Living for Zachary Founder, Karen Schrah, Turned an Unimaginable Loss into her son’s Legacy
by Karyn Brodsky | Staff Writer
“Things turn out best for those who make the best of the way things turn out.” -Jack Buck
This powerful quote from St. Louis Cardinals baseball sportscaster, Jack Buck, was cited in an essay written by Plano student Zachary Schrah and summed up the intuitive teen’s outlook on life. Not long after expressing his positive perspective in this essay, 16-year-old Zachary Troy Schrah’s life took a tragic turn.
Born February 10, 1993 to Troy and Karen (Granger) Schrah and raised in Plano, Zac was the All-American Boy. He loved baseball, football, hunting, fishing, and riding four-wheelers. “He had a great personality and loved to be outside, play sports, and be with friends,” says Karen. “He was the light of my life.”
On April 2, 2009, with no signs or warnings, Zac collapsed during high school football practice in Plano. The seemingly healthy teen died from a congenital heart disease called hypertrophic cardiomyopathy (HCM). HCM, a common cause of sudden cardiac arrest (SCA) in young people, including athletes, is a condition in which the heart muscle thickens. The thickening can make it harder for blood to leave the heart, forcing the heart to work harder to pump blood, and can also make it harder for the heart to relax and fill with blood.
When many parents understandably would have retreated into solitude, Karen Schrah took the proverbial bull by the horns. “The feeling came over me the night he died, and I knew I had to do something,” she said. “I kept telling myself that there had to be a reason for this, that God had a plan that was much bigger than Zachary’s life.”
Within three months, Schrah and some of Zac’s friends’ parents established an organization called Living for Zachary. It started as a solidarity walk to bring the community together, as the kids had a hard time dealing with Zac’s death. “Zac impacted SO many people,” explains Schrah. “I felt inspired to help his friends heal and to get them involved in raising SCA awareness.”
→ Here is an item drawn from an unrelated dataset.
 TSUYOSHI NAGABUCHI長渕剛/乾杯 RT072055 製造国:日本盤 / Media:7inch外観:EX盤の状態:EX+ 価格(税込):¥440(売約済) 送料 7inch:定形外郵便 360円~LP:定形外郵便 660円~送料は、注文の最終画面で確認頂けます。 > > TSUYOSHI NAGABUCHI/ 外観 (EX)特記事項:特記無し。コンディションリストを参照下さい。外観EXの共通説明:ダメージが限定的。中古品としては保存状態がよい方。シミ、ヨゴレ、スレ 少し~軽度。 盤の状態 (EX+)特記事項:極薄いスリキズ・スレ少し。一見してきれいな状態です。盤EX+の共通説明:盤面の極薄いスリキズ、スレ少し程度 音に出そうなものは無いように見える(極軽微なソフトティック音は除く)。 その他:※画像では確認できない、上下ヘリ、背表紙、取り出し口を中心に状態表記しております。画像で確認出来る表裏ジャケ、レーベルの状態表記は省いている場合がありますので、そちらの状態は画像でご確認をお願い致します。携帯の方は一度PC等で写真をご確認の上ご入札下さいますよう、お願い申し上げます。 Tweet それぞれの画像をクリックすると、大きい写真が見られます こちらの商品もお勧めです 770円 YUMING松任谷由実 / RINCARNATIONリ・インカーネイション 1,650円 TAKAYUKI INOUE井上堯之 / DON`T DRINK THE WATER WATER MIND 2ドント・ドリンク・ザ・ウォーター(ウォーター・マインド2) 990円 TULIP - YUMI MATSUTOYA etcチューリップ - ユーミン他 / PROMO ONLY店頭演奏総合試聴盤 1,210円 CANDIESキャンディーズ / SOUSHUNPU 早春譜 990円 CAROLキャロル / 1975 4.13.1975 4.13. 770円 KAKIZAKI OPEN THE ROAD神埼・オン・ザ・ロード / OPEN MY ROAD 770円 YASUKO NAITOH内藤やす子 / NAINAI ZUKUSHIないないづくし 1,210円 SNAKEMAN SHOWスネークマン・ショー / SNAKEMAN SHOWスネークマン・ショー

It wasn’t long before the cause took on a life of its own, and the group decided to raise money to purchase an Automated External Defibrillator (AED). The cost of each AED, which includes CPR and AED training, is $2000. The first AED was donated to St. Mark Catholic Church in Plano, where one day during services, a congregant went into cardiac arrest, and they used the AED to save his life.
Schrah then reached out to The Heart Hospital Baylor Plano to see if they would partner with Living for Zachary. Just five months after Zac’s death, a successful working relationship with The Heart Hospital resulted in the creation of the Living for Zachary Heart Screening Program, which has already proactively screened over 3000 kids. One month after contacting The Heart Hospital, the group held a race and raised enough money to buy two more AEDs.
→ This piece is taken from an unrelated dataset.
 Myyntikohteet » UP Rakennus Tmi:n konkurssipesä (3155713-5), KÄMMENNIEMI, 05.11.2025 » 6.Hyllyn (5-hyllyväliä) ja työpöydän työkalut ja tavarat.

To date, Living for Zachary has raised enough money to fund 129 AEDs, which were donated to the Boys & Girls Club, the YMCA, churches, schools, volleyball and cheerleading clubs, Boy Scout troops, baseball facilities, and many more youth organizations. The program is in such demand that Living for Zachary now has an application process for AED donations with requests nationwide.
Zac’s sister Sarah, with whom he shared a close relationship and who was born about a year after him, has joined the family cause, spreading awareness of SCA by volunteering at health fairs, community events, and school assemblies. Living for Zachary has partnered with other parents whose children died from SCA by speaking at their children’s schools and donating AEDs. In addition, the organization sponsors a Heartbeats Run and holds a Heartbeats Gala in February—American Heart Month and Zac’s birthday month—and raises funds for screenings and AEDs. They also offer scholarships for high school graduates and the nursing program at Collin College.
Schrah says on the Friday before Zachary passed away, they met with his school counselor for college planning. She remembers how well articulated he was when he conveyed his desire to become a doctor. “The whole weekend I was proud of the man my son was becoming,” beams Schrah. Sadly, Zac passed away one week later. His hopes and dreams of becoming a physician to help others would not be realized, but because of his mother Karen, many people would be saved in his honor. “It’s been an incredible and powerful journey,” she says.
For her strength and inspiration to others, for working tirelessly to create awareness of SCA and provide heart screenings, for raising funds to donate AEDs, and for making the best of the way things turned out to allow others to have things turn out better, Good Life Family Magazine is honored to present this month’s VIP award to Karen Schrah.